> [WORK INSTRUCTIONS]: With the exception of the pictures, transcribe the entire listing exactly.

> [THE DATA]:
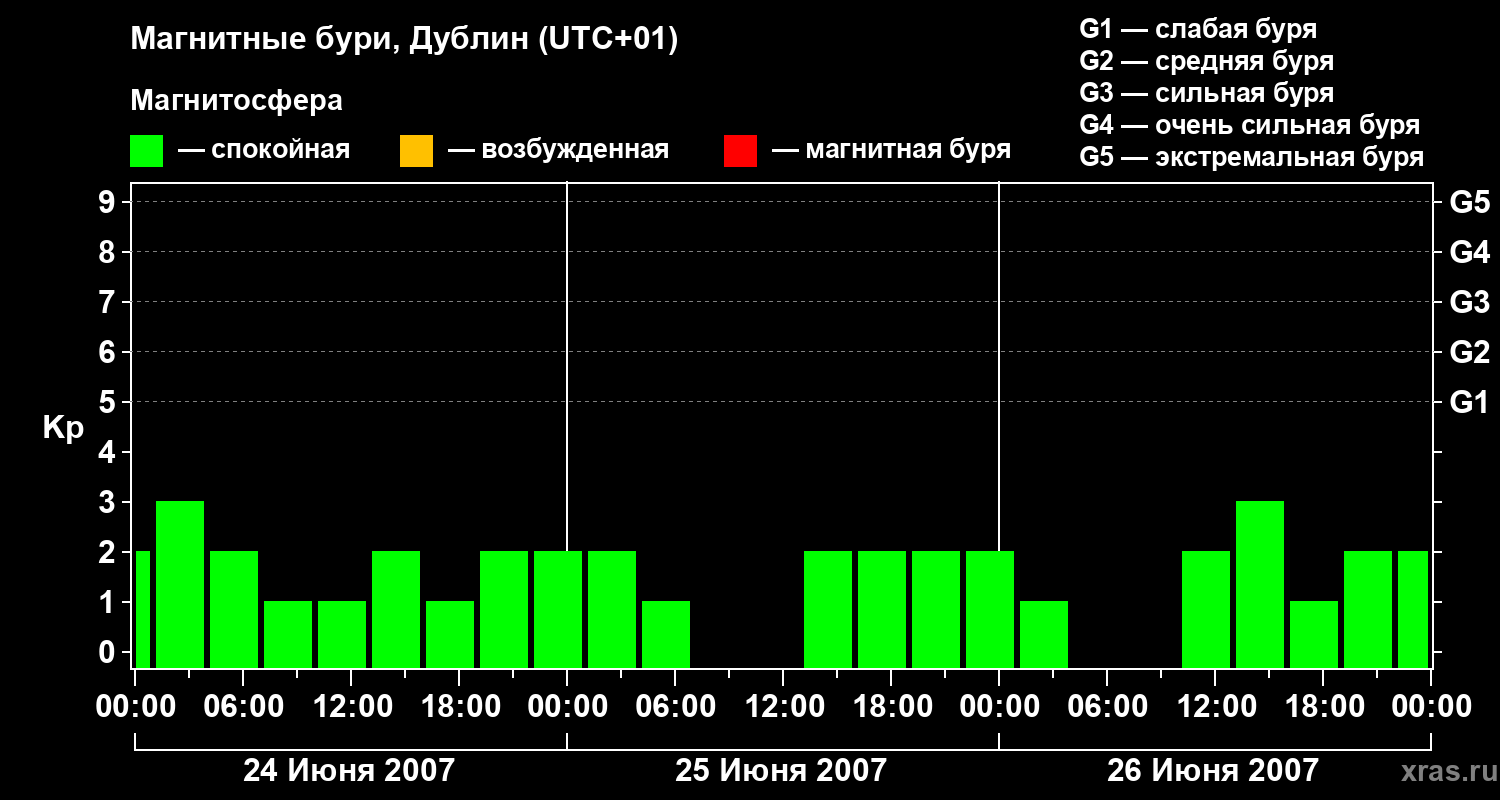 Изменения геомагнитного индекса Kp с 24 по 26 июня 2007 года для средних широт
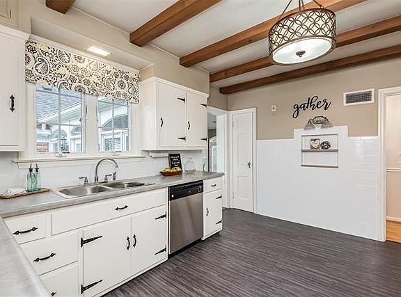 Unique and spacious Cape Cod style home in the tree-lined oasis of Juanita Place! This well loved and maintained home is sure to delight. From the original woodwork to custom built-in cabinetry to multiple outdoor entertaining spaces this home has it all. A beautiful formal entry will be a treat for your guest to be welcomed into. Gleaming hardwood floors in the large living room offers multiple style options. The formal dining room is something out of a storybook with it's on display storage as well as an enviable butler cabinet. The sunny kitchen is spacious with lots of cabinetry and room for a personalized island. A large sunroom with arched windows and exits to the patio and side entry of home is a great place for indoor/outdoor entertaining. The hall bath is vintage yet timeless. Upstairs you will find a master bedroom oasis. The large bath has access to the master as well as the hallway. Lower level has lots of space for entertaining and it's own bathroom.
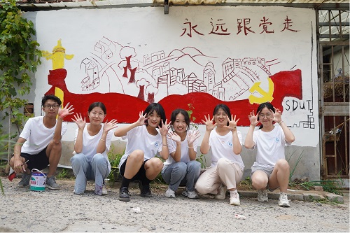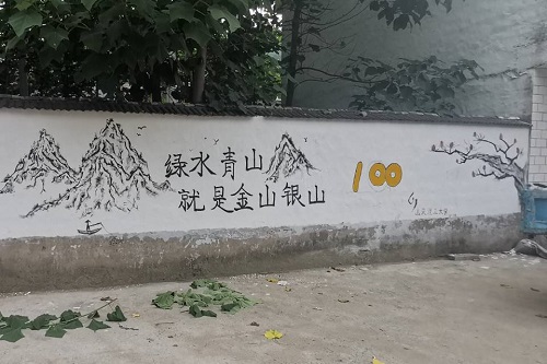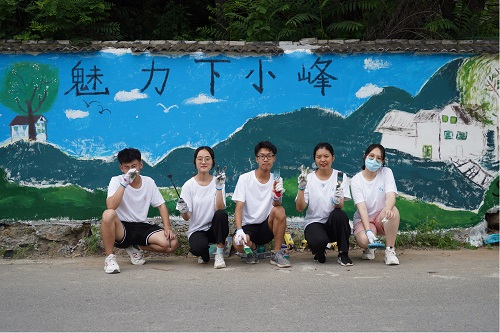 为打造美丽乡村,推进省级美丽乡村建设项目,“七月蜜‘峰’”实践团成员为下小峰村十二面白墙进行墙绘创作。成员们从下小峰特色“绿色资源”和“红色精神”两方面入手,精心构思、细心雕磨,小心翼翼地用粉刷勾勒出一个个动人形象,每一幅画都是一个故事,每一幅画都饱含实践团成员们的心血和期望。

> [RESPONSE AREA]:
 Изменения геомагнитного индекса Kp с 24 по 26 июня 2007 года для средних широт
 Unique and spacious Cape Cod style home in the tree-lined oasis of Juanita Place! This well loved and maintained home is sure to delight. From the original woodwork to custom built-in cabinetry to multiple outdoor entertaining spaces this home has it all. A beautiful formal entry will be a treat for your guest to be welcomed into. Gleaming hardwood floors in the large living room offers multiple style options. The formal dining room is something out of a storybook with it's on display storage as well as an enviable butler cabinet. The sunny kitchen is spacious with lots of cabinetry and room for a personalized island. A large sunroom with arched windows and exits to the patio and side entry of home is a great place for indoor/outdoor entertaining. The hall bath is vintage yet timeless. Upstairs you will find a master bedroom oasis. The large bath has access to the master as well as the hallway. Lower level has lots of space for entertaining and it's own bathroom.
 为打造美丽乡村,推进省级美丽乡村建设项目,“七月蜜‘峰’”实践团成员为下小峰村十二面白墙进行墙绘创作。成员们从下小峰特色“绿色资源”和“红色精神”两方面入手,精心构思、细心雕磨,小心翼翼地用粉刷勾勒出一个个动人形象,每一幅画都是一个故事,每一幅画都饱含实践团成员们的心血和期望。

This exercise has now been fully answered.